What you have to do:
For the data below, restate word for word only the lines from the line containing "BUSZEK, BUSZEK buszek, pociągam" through the line containing "Пряжа ALIZE SEKERIM", both ends included.

Exercise materials:
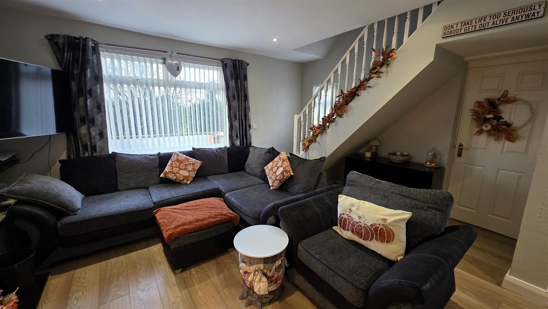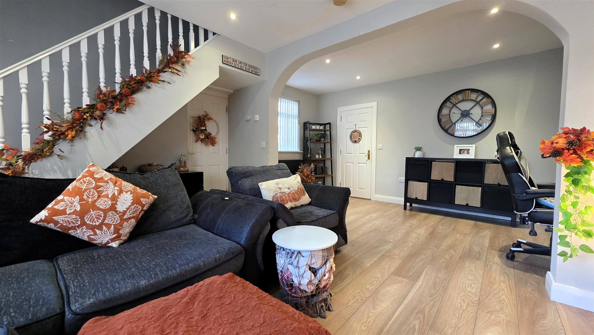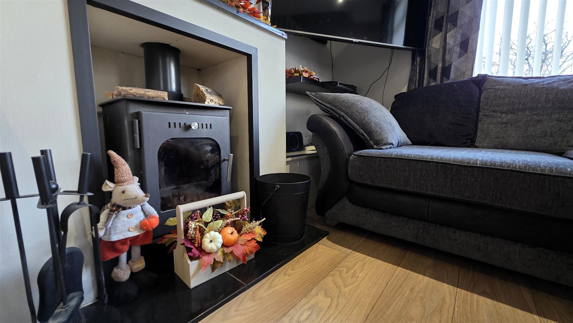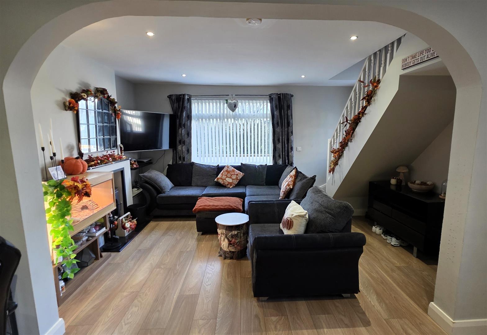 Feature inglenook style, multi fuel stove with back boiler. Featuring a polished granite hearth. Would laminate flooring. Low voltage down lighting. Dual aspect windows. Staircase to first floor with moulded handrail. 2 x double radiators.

---

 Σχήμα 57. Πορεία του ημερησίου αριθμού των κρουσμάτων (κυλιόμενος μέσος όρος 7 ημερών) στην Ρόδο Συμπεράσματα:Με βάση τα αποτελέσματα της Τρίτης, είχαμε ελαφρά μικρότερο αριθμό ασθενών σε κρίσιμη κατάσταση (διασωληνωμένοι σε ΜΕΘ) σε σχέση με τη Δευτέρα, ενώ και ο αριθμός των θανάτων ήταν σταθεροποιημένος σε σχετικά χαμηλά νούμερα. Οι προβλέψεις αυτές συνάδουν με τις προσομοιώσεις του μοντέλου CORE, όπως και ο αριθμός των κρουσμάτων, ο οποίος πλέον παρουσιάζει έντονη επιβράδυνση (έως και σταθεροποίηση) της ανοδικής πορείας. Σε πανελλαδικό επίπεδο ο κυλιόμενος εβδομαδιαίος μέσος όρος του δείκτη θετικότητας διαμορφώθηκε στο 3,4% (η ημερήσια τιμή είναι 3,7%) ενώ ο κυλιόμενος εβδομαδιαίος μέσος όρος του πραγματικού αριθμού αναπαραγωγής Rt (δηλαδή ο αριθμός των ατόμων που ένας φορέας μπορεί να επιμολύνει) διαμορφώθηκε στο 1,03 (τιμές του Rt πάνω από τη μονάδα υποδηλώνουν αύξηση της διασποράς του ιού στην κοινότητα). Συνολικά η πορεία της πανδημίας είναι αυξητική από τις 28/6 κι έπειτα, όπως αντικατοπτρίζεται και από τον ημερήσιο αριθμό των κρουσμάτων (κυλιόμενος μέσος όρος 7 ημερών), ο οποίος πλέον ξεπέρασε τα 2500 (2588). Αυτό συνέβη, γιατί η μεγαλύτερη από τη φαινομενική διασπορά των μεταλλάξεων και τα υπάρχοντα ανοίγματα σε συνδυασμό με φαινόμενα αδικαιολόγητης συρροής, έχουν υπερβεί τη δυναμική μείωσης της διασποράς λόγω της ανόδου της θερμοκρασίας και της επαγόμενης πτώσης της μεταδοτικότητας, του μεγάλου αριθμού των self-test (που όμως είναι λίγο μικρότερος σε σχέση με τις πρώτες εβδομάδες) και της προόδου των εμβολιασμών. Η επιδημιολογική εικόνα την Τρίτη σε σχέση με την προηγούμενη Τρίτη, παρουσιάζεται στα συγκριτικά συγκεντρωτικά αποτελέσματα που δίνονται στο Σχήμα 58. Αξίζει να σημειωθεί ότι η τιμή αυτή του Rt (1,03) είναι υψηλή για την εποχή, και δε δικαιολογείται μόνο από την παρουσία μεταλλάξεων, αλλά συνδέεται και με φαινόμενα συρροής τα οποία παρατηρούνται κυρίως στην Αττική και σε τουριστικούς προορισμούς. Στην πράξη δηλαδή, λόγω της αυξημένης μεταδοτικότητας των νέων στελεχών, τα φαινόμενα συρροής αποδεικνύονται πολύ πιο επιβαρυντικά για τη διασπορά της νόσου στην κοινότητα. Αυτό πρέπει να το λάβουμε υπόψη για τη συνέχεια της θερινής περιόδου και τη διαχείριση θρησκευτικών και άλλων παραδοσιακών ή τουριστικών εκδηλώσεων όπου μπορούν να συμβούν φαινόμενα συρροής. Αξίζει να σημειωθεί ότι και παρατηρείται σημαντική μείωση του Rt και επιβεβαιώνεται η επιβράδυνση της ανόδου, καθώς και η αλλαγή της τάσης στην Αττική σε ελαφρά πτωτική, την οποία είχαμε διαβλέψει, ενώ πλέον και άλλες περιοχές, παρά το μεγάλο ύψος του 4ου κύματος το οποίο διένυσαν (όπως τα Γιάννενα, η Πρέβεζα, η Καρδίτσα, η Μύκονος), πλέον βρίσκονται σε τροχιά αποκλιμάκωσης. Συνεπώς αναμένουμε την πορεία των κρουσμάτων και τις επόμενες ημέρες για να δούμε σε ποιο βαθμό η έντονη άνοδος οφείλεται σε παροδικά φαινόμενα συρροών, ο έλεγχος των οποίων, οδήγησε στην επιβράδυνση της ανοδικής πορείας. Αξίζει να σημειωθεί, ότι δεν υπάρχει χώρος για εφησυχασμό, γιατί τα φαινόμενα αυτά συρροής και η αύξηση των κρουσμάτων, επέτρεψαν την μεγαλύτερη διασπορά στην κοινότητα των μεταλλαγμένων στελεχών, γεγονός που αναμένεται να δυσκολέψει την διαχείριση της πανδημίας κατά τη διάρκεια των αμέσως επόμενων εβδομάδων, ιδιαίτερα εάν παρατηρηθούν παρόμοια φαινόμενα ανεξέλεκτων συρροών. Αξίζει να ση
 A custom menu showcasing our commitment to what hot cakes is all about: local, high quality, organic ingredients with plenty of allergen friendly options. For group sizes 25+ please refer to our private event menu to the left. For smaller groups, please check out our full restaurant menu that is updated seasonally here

* * *

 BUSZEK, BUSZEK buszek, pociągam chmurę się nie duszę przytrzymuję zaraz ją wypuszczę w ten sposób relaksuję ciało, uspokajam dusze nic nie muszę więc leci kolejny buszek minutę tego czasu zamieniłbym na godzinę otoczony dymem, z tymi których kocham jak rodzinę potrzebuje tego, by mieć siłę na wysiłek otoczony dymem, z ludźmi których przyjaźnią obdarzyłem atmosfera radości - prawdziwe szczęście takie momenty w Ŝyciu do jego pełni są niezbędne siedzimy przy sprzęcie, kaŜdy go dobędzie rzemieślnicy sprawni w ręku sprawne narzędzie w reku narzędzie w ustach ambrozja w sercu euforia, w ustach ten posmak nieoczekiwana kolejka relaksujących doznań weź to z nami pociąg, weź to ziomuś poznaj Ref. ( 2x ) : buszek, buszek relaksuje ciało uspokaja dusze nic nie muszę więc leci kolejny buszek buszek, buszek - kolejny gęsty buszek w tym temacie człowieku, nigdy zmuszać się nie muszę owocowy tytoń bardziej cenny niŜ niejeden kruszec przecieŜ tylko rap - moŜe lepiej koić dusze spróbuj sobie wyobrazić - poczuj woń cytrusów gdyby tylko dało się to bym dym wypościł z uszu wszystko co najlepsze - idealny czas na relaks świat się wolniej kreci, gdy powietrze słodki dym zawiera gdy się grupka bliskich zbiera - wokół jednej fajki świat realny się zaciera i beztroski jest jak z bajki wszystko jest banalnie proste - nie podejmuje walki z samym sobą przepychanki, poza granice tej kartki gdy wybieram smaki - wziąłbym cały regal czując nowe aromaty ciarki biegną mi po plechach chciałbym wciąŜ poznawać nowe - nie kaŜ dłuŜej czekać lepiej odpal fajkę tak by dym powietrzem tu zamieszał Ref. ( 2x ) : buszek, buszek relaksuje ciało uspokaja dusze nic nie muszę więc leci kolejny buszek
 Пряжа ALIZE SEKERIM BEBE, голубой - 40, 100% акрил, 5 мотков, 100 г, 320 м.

Solution for this problem:
 BUSZEK, BUSZEK buszek, pociągam chmurę się nie duszę przytrzymuję zaraz ją wypuszczę w ten sposób relaksuję ciało, uspokajam dusze nic nie muszę więc leci kolejny buszek minutę tego czasu zamieniłbym na godzinę otoczony dymem, z tymi których kocham jak rodzinę potrzebuje tego, by mieć siłę na wysiłek otoczony dymem, z ludźmi których przyjaźnią obdarzyłem atmosfera radości - prawdziwe szczęście takie momenty w Ŝyciu do jego pełni są niezbędne siedzimy przy sprzęcie, kaŜdy go dobędzie rzemieślnicy sprawni w ręku sprawne narzędzie w reku narzędzie w ustach ambrozja w sercu euforia, w ustach ten posmak nieoczekiwana kolejka relaksujących doznań weź to z nami pociąg, weź to ziomuś poznaj Ref. ( 2x ) : buszek, buszek relaksuje ciało uspokaja dusze nic nie muszę więc leci kolejny buszek buszek, buszek - kolejny gęsty buszek w tym temacie człowieku, nigdy zmuszać się nie muszę owocowy tytoń bardziej cenny niŜ niejeden kruszec przecieŜ tylko rap - moŜe lepiej koić dusze spróbuj sobie wyobrazić - poczuj woń cytrusów gdyby tylko dało się to bym dym wypościł z uszu wszystko co najlepsze - idealny czas na relaks świat się wolniej kreci, gdy powietrze słodki dym zawiera gdy się grupka bliskich zbiera - wokół jednej fajki świat realny się zaciera i beztroski jest jak z bajki wszystko jest banalnie proste - nie podejmuje walki z samym sobą przepychanki, poza granice tej kartki gdy wybieram smaki - wziąłbym cały regal czując nowe aromaty ciarki biegną mi po plechach chciałbym wciąŜ poznawać nowe - nie kaŜ dłuŜej czekać lepiej odpal fajkę tak by dym powietrzem tu zamieszał Ref. ( 2x ) : buszek, buszek relaksuje ciało uspokaja dusze nic nie muszę więc leci kolejny buszek
 Пряжа ALIZE SEKERIM BEBE, голубой - 40, 100% акрил, 5 мотков, 100 г, 320 м.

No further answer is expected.